Provided records>
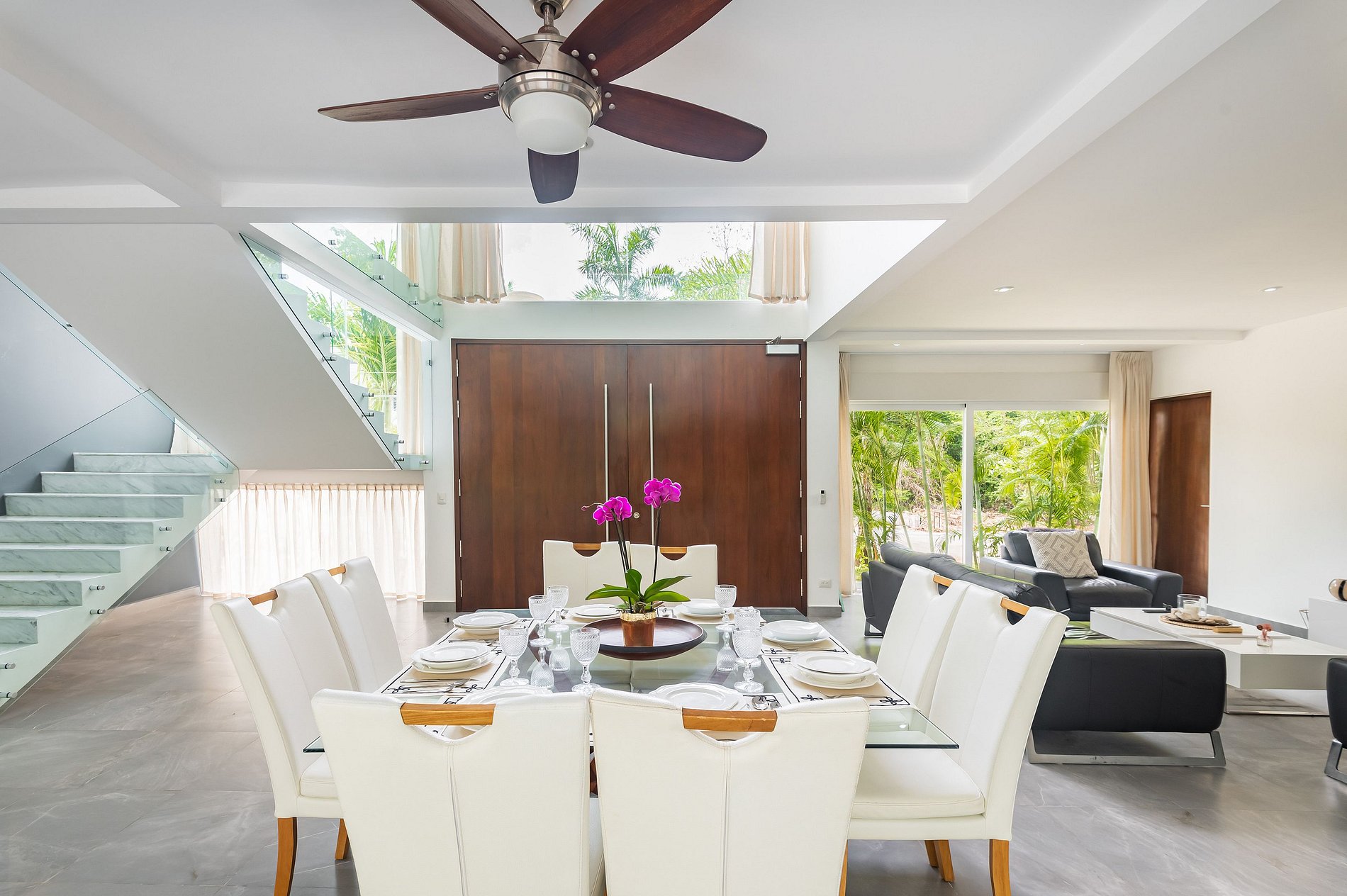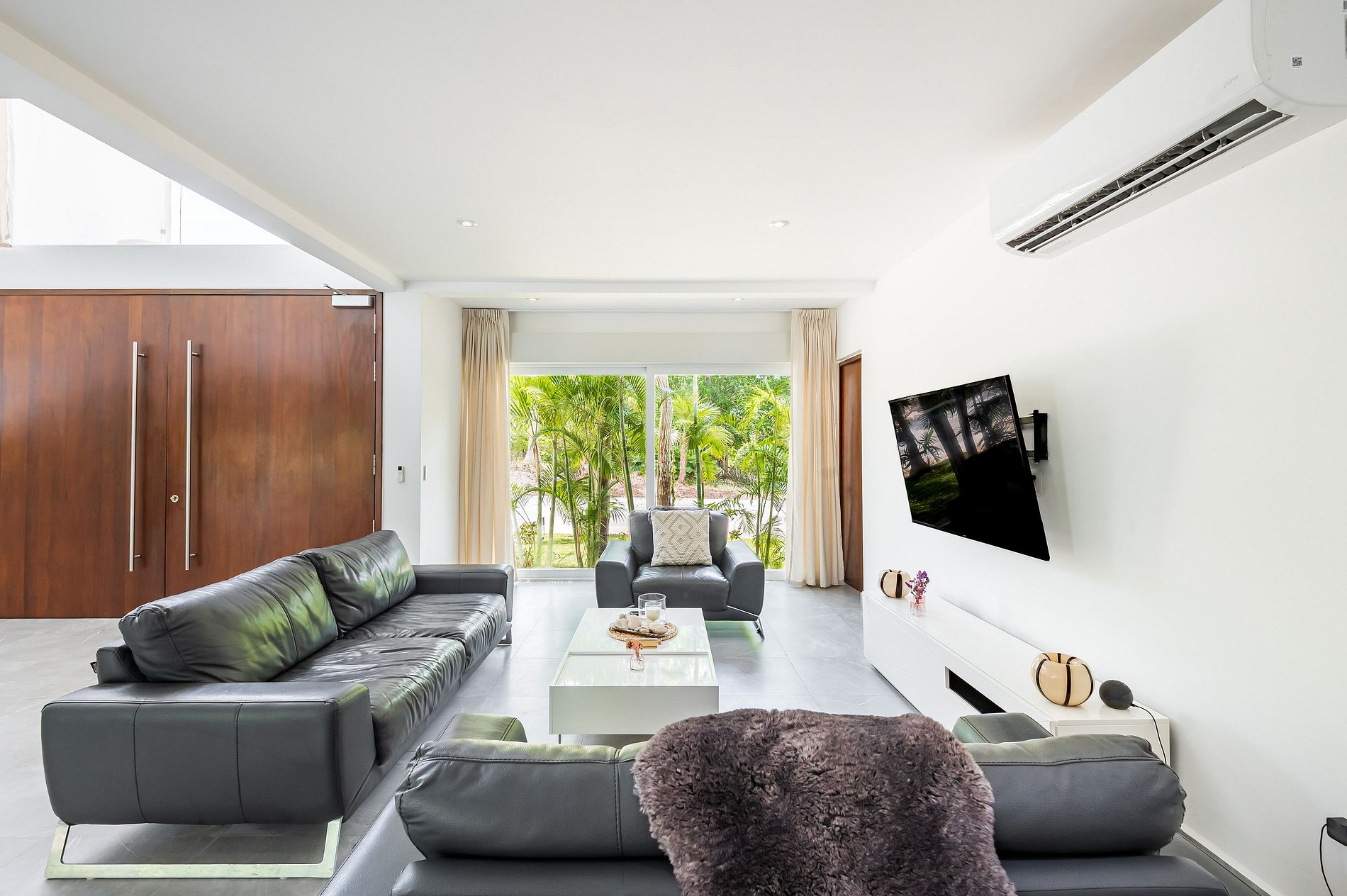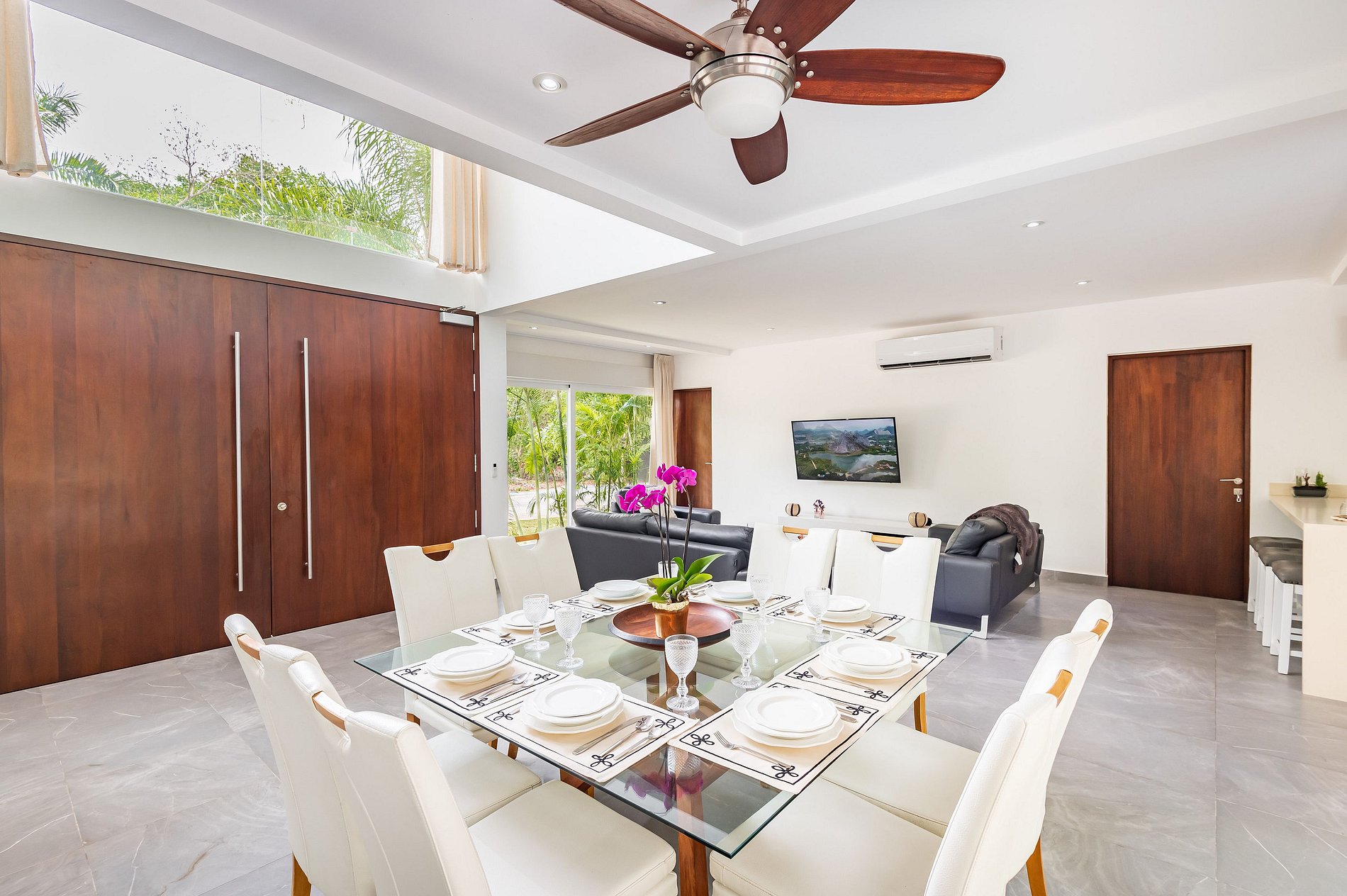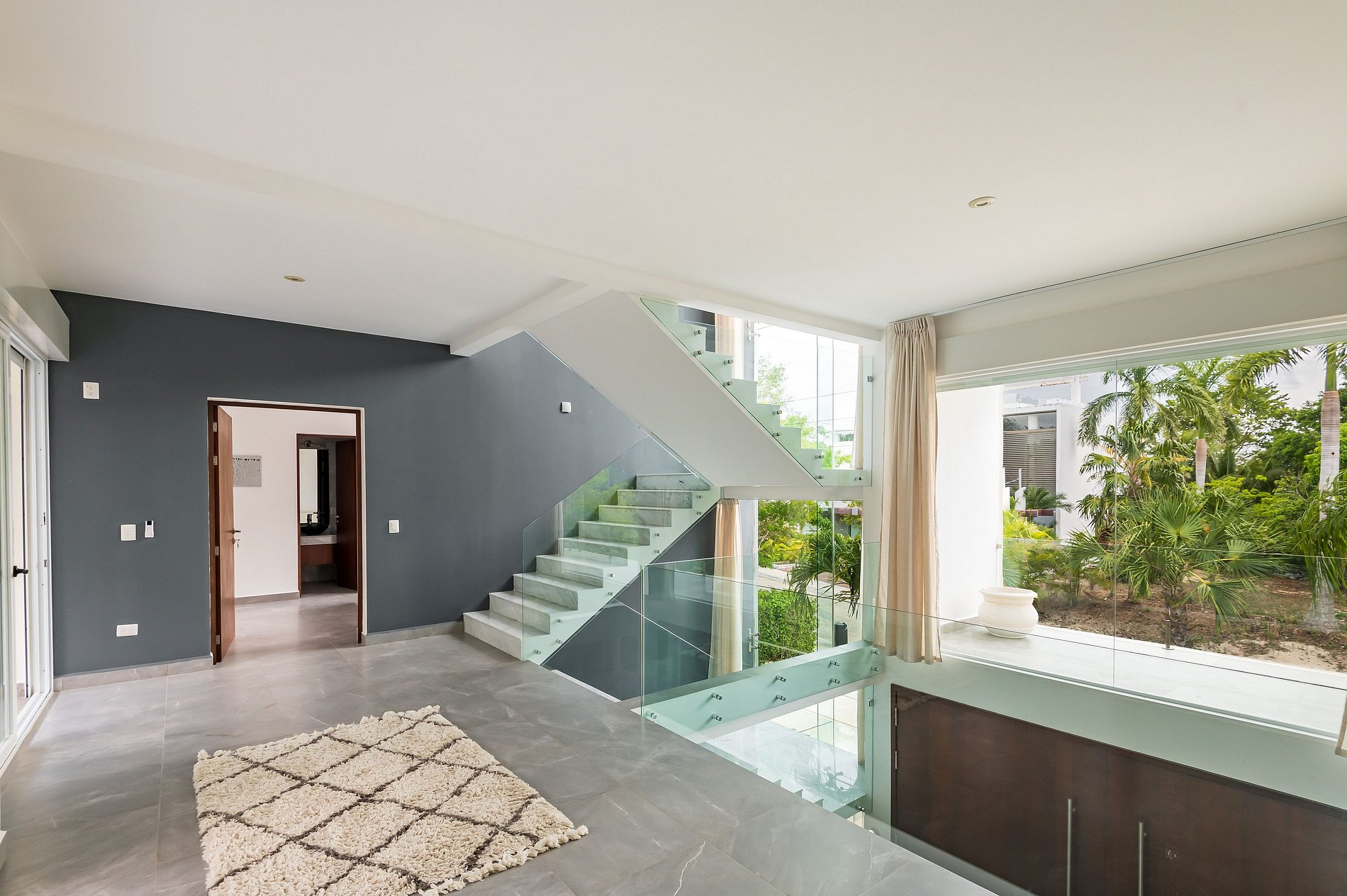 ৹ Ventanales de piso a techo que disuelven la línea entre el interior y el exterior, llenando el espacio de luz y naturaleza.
==
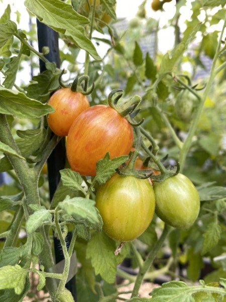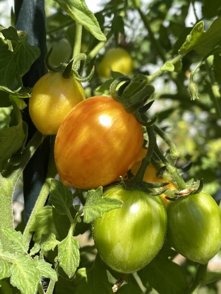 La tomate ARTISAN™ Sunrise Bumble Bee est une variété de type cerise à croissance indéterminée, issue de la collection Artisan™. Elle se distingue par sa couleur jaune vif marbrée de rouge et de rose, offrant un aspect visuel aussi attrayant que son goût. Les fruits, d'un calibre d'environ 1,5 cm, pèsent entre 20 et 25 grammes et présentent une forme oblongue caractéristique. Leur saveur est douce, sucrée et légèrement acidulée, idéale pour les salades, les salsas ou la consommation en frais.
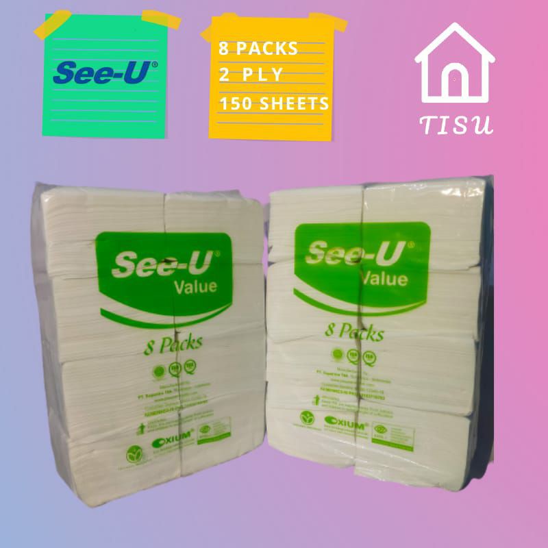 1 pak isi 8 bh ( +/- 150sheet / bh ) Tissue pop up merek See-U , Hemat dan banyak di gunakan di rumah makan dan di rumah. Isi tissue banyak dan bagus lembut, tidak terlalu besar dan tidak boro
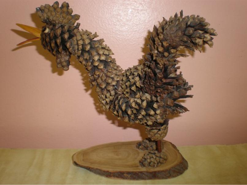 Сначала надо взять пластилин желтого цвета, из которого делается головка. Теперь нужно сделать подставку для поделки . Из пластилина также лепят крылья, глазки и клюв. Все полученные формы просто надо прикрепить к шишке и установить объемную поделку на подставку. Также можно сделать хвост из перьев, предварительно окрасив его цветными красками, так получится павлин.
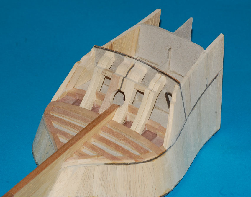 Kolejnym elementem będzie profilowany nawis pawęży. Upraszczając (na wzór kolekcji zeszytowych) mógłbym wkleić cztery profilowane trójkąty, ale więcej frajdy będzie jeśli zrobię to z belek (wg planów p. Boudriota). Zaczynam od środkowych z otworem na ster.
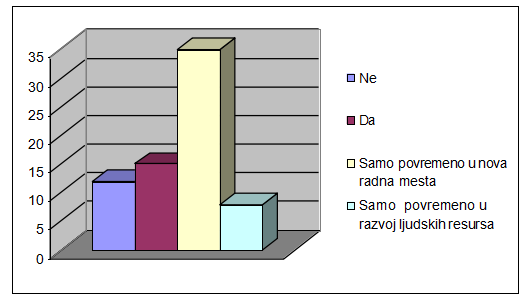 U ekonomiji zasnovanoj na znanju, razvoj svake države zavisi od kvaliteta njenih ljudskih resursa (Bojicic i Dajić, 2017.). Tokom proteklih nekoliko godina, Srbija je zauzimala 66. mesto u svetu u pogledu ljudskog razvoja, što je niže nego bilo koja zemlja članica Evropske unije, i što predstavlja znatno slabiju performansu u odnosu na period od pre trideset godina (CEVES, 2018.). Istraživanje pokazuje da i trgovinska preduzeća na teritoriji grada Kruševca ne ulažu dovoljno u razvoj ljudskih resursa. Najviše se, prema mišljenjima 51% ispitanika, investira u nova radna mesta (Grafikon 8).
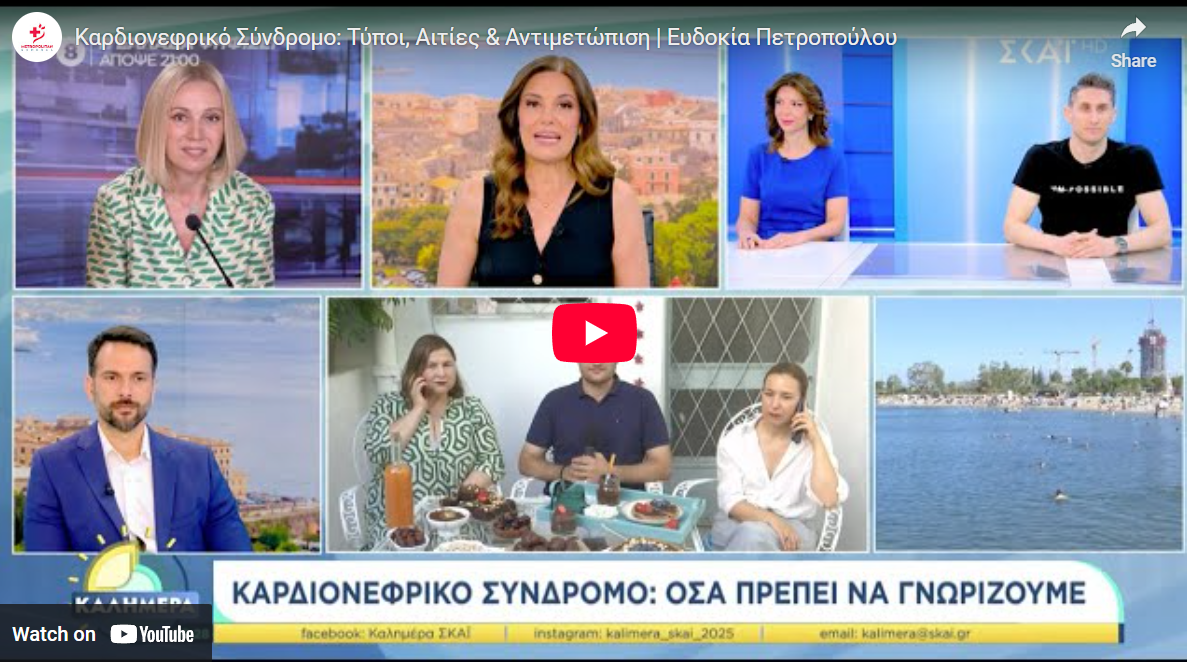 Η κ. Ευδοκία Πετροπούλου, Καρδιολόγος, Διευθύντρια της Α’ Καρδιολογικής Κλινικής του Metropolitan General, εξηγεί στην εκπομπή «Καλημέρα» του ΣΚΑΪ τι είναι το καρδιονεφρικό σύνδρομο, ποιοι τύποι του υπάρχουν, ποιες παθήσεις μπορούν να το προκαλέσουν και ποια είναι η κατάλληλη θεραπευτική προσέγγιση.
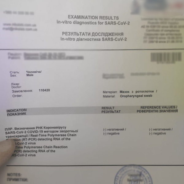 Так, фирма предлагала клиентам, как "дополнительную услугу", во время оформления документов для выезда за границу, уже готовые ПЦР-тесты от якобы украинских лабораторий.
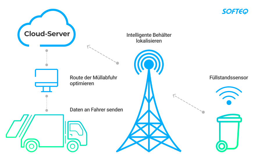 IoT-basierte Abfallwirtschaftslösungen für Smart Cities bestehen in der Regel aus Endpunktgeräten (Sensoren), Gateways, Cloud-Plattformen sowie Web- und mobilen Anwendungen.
* * *
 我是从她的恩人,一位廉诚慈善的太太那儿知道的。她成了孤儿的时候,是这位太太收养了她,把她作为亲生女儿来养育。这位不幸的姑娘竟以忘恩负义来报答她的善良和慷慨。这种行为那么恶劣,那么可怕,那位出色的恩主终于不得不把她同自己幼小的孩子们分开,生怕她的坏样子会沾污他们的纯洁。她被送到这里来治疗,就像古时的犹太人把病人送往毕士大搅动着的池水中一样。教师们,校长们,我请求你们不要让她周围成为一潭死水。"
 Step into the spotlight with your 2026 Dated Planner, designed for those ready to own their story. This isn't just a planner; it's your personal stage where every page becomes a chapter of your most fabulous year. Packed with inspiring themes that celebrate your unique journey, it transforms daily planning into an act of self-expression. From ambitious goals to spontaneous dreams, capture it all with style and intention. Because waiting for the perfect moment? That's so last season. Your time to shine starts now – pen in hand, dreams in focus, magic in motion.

Directions for this task>
Looking at the listing above, which lines run from the one containing "Сначала надо взять" through the one containing "Kolejnym elementem będzie"? Print exactly those, ends included, pictures excluded.

Exercise solution>
 Сначала надо взять пластилин желтого цвета, из которого делается головка. Теперь нужно сделать подставку для поделки . Из пластилина также лепят крылья, глазки и клюв. Все полученные формы просто надо прикрепить к шишке и установить объемную поделку на подставку. Также можно сделать хвост из перьев, предварительно окрасив его цветными красками, так получится павлин.
 Kolejnym elementem będzie profilowany nawis pawęży. Upraszczając (na wzór kolekcji zeszytowych) mógłbym wkleić cztery profilowane trójkąty, ale więcej frajdy będzie jeśli zrobię to z belek (wg planów p. Boudriota). Zaczynam od środkowych z otworem na ster.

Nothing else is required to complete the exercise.